(Exercise instructions)
Your copy should hold the lines below from the first through the one that contains "SE再次确认:《FF16》《FF7:重生》的独占时间没变", each retyped exactly, and no pictures.

(The data)
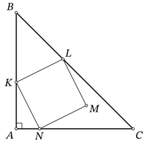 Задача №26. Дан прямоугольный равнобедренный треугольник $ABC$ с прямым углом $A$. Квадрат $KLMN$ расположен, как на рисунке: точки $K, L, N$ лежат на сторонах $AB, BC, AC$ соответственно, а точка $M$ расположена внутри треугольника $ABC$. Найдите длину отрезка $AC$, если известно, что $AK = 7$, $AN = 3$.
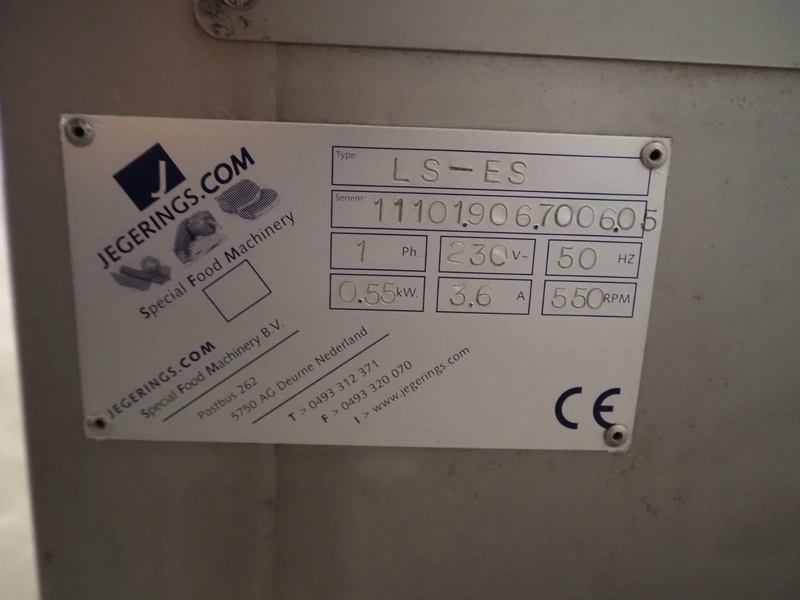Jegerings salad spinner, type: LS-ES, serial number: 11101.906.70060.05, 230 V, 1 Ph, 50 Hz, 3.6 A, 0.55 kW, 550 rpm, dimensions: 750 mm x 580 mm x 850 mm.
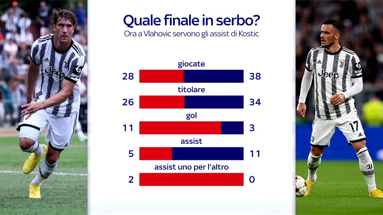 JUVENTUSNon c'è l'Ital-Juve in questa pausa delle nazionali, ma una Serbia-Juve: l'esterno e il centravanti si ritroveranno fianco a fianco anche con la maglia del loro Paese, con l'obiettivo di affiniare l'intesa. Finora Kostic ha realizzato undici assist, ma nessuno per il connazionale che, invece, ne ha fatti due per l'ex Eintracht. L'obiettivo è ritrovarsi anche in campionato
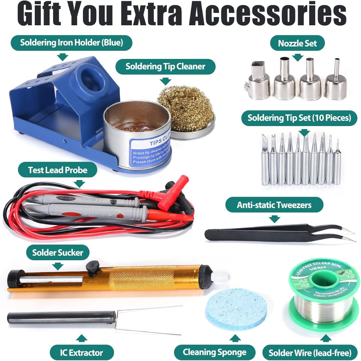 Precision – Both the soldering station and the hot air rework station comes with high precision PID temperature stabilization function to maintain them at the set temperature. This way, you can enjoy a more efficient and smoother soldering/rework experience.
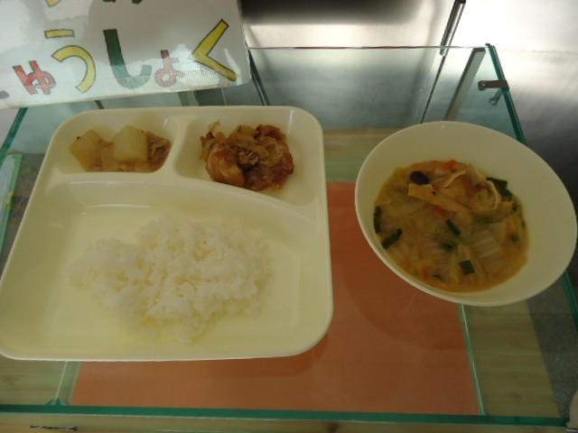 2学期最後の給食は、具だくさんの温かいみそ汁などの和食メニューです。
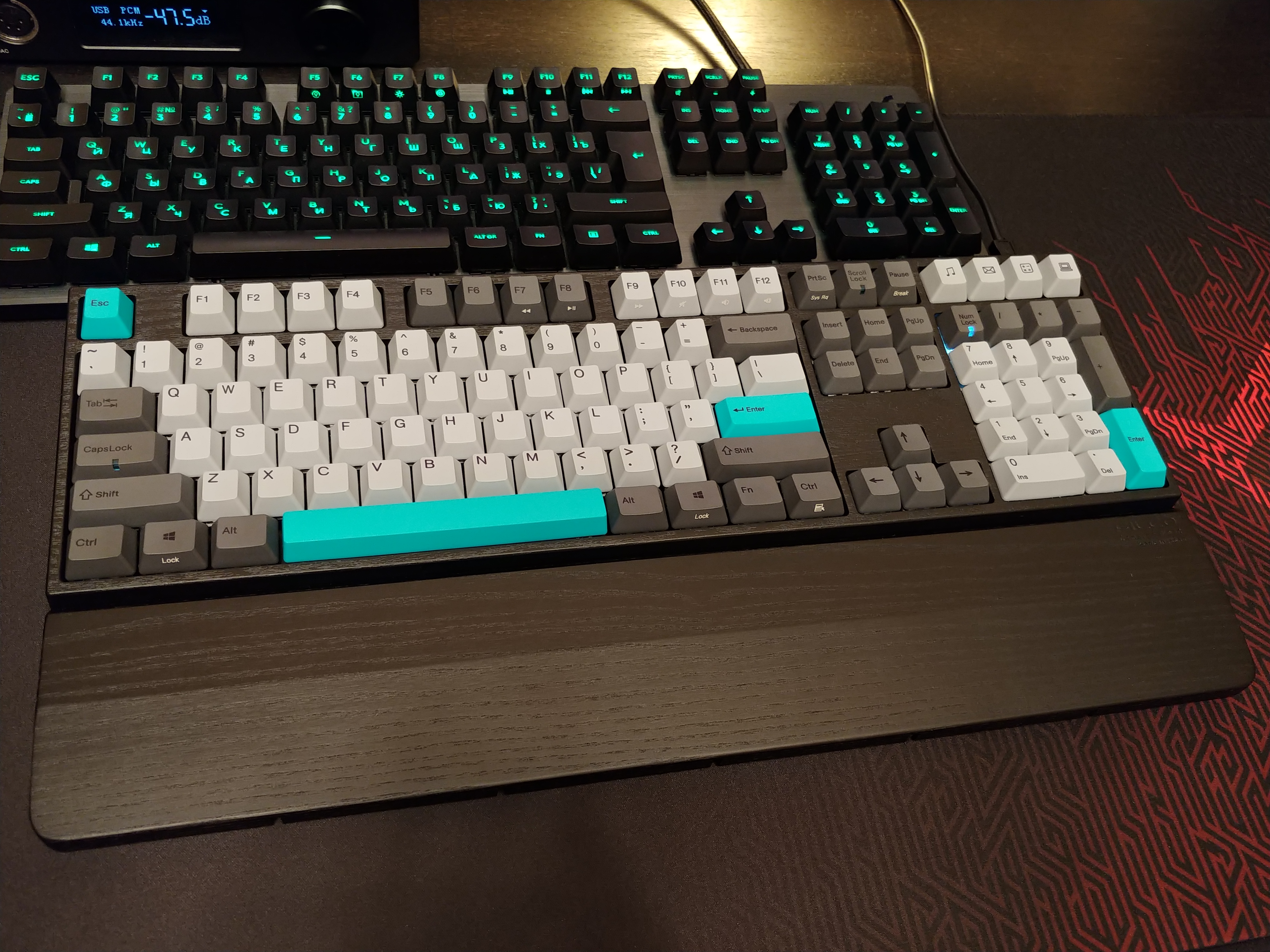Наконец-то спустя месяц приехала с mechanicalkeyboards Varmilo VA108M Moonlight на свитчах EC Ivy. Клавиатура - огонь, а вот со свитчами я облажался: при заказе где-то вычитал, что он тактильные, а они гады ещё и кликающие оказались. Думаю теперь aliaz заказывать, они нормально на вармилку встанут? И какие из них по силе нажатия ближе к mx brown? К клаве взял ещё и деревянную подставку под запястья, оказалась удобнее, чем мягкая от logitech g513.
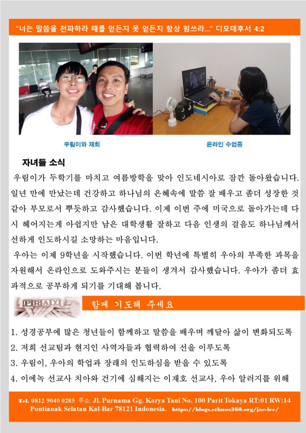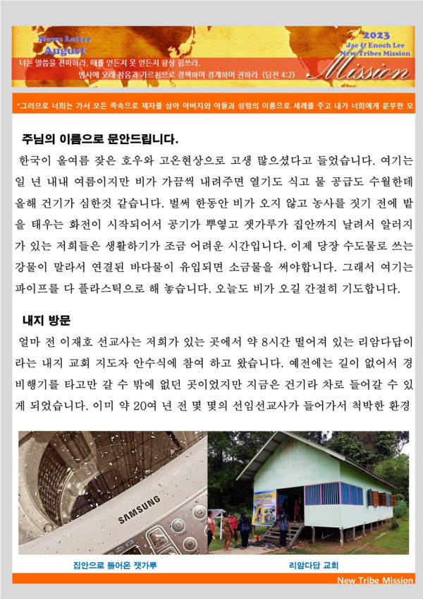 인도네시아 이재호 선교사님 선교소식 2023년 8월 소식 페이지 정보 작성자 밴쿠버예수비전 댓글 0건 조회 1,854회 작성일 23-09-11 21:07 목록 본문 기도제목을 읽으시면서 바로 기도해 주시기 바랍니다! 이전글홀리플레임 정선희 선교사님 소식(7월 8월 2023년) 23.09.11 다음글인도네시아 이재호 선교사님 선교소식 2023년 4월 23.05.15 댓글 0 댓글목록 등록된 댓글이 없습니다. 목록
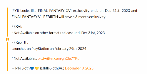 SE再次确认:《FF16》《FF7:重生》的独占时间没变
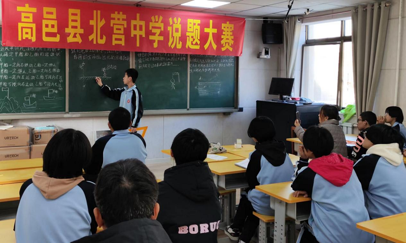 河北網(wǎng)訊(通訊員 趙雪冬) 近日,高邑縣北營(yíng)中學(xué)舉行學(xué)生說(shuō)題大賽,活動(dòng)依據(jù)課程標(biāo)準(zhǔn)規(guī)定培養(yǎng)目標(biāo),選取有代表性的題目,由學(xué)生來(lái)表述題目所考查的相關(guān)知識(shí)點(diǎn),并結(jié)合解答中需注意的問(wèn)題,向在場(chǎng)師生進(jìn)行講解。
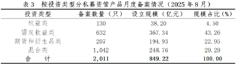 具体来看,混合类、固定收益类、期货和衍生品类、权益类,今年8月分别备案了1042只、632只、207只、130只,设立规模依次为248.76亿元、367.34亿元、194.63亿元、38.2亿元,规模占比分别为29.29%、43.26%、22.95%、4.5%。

(Response)
 Задача №26. Дан прямоугольный равнобедренный треугольник $ABC$ с прямым углом $A$. Квадрат $KLMN$ расположен, как на рисунке: точки $K, L, N$ лежат на сторонах $AB, BC, AC$ соответственно, а точка $M$ расположена внутри треугольника $ABC$. Найдите длину отрезка $AC$, если известно, что $AK = 7$, $AN = 3$.
Jegerings salad spinner, type: LS-ES, serial number: 11101.906.70060.05, 230 V, 1 Ph, 50 Hz, 3.6 A, 0.55 kW, 550 rpm, dimensions: 750 mm x 580 mm x 850 mm.
 JUVENTUSNon c'è l'Ital-Juve in questa pausa delle nazionali, ma una Serbia-Juve: l'esterno e il centravanti si ritroveranno fianco a fianco anche con la maglia del loro Paese, con l'obiettivo di affiniare l'intesa. Finora Kostic ha realizzato undici assist, ma nessuno per il connazionale che, invece, ne ha fatti due per l'ex Eintracht. L'obiettivo è ritrovarsi anche in campionato
 Precision – Both the soldering station and the hot air rework station comes with high precision PID temperature stabilization function to maintain them at the set temperature. This way, you can enjoy a more efficient and smoother soldering/rework experience.
 2学期最後の給食は、具だくさんの温かいみそ汁などの和食メニューです。
Наконец-то спустя месяц приехала с mechanicalkeyboards Varmilo VA108M Moonlight на свитчах EC Ivy. Клавиатура - огонь, а вот со свитчами я облажался: при заказе где-то вычитал, что он тактильные, а они гады ещё и кликающие оказались. Думаю теперь aliaz заказывать, они нормально на вармилку встанут? И какие из них по силе нажатия ближе к mx brown? К клаве взял ещё и деревянную подставку под запястья, оказалась удобнее, чем мягкая от logitech g513.
 인도네시아 이재호 선교사님 선교소식 2023년 8월 소식 페이지 정보 작성자 밴쿠버예수비전 댓글 0건 조회 1,854회 작성일 23-09-11 21:07 목록 본문 기도제목을 읽으시면서 바로 기도해 주시기 바랍니다! 이전글홀리플레임 정선희 선교사님 소식(7월 8월 2023년) 23.09.11 다음글인도네시아 이재호 선교사님 선교소식 2023년 4월 23.05.15 댓글 0 댓글목록 등록된 댓글이 없습니다. 목록
 SE再次确认:《FF16》《FF7:重生》的独占时间没变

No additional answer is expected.